The company’s common stock will continue trading under the same symbol on the Nasdaq Global Select Market with a new CUSIP number (15117F880) when markets open on June 24.
The reverse split, approved by stockholders on June 13 with the final ratio determined by the board of directors, will reduce Cellectar’s outstanding common shares from 54,361,197 to approximately 1,812,040. The number of authorized shares and par value per share will remain unchanged.
All stockholders will be affected uniformly, with those holding fractional shares receiving cash payments in lieu of those shares. The split will proportionately affect shares available under equity incentive plans, while outstanding stock options and warrants will be adjusted to maintain equivalent aggregate exercise prices.
Equiniti Trust Company is serving as the transfer agent for the split. Registered stockholders are not required to take action to receive post-split shares, which will be issued in paperless book-entry form. Stockholders owning shares through brokers will have positions automatically adjusted according to their brokers’ processes.
Cellectar’s product pipeline includes iopofosine I 131, which has received FDA Breakthrough Therapy Designation, along with several other cancer treatment candidates in various stages of development.
Additional information about the reverse stock split is available in the company’s definitive proxy statement filed with the Securities and Exchange Commission on April 28, 2025, according to the press release statement.

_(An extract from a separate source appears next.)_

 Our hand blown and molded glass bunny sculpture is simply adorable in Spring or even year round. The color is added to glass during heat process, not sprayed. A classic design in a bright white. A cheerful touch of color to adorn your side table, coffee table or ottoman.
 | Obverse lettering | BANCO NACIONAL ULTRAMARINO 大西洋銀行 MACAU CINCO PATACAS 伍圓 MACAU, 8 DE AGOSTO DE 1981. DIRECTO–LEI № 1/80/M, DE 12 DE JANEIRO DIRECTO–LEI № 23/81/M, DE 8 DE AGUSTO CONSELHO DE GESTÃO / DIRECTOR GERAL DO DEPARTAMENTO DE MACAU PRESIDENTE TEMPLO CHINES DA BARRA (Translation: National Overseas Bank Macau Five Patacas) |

In other recent news, Cellectar Biosciences has made significant strides with its clinical trials and financial maneuvers. The company reported promising results from its CLOVER-2 Phase 1 clinical trial of iopofosine I 131 in pediatric patients with high-grade glioma, showing improved progression-free survival and overall survival rates compared to typical outcomes for this patient group. Additionally, Cellectar has raised $2.5 million through the sale of common stock, facilitated by the immediate exercise of existing warrants, with Ladenburg Thalmann & Co. Inc. acting as the exclusive placement agent. This capital is intended for general corporate purposes, including operating expenses.

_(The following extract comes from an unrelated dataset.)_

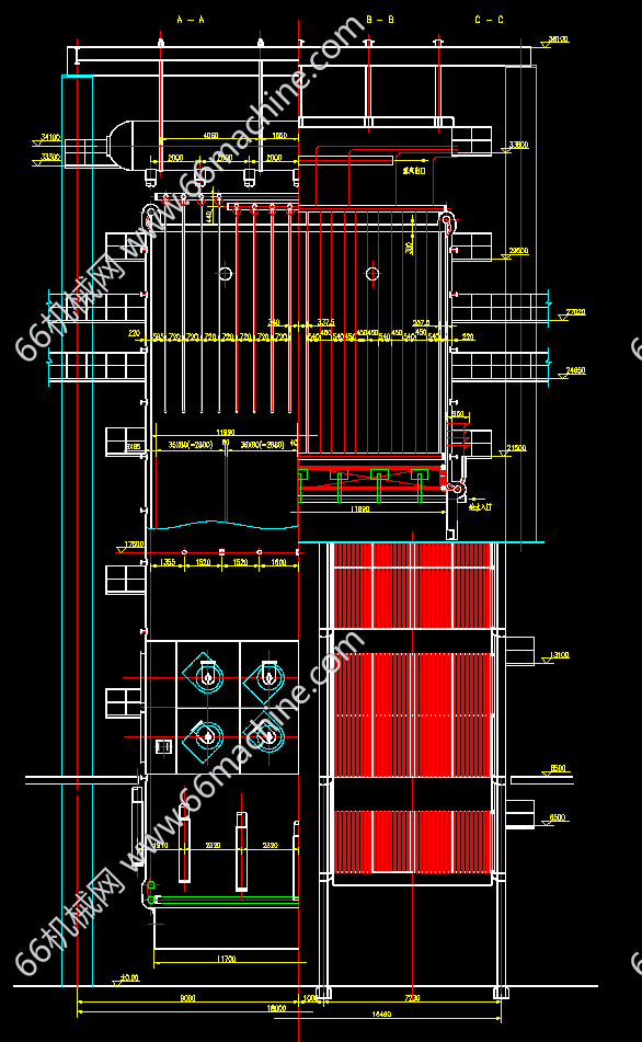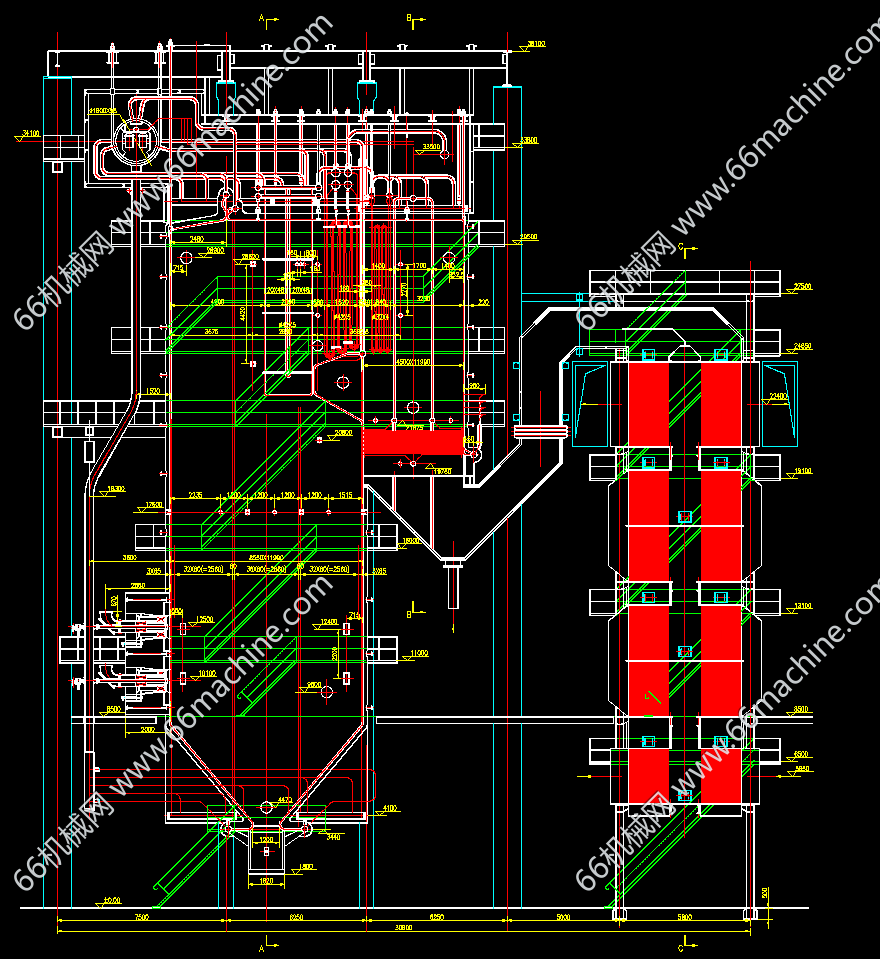 本图纸为某企业410t/h煤粉锅炉(高塔式煤动力蒸汽炉),塔式煤动力锅炉,提高了煤的燃烧速率,高效节能,起停简单。由炉膛,燃烧器,点火装置等构成。本图是高塔炉结构总成图,图纸通过主视图,侧视图结构展示整体炉体的结构布置,尺寸参数等。

The U.S. Food and Drug Administration (FDA) granted Breakthrough Therapy Designation to Cellectar’s iopofosine I 131 for treating relapsed/refractory Waldenstrom macroglobulinemia, indicating the potential for expedited development and review. This designation was supported by data from the Phase 2 CLOVER WaM study, which exceeded its primary endpoint targets. Furthermore, Cellectar has previously received Fast Track and Orphan Drug Designations from the FDA and PRIME Designation from the European Medicines Agency (EMA) for this treatment. The EMA is reviewing a data package from Cellectar, which may lead to conditional marketing authorization approval, with a decision expected by late July 2025.
These developments underscore Cellectar’s ongoing efforts to advance its cancer treatment pipeline and address unmet medical needs.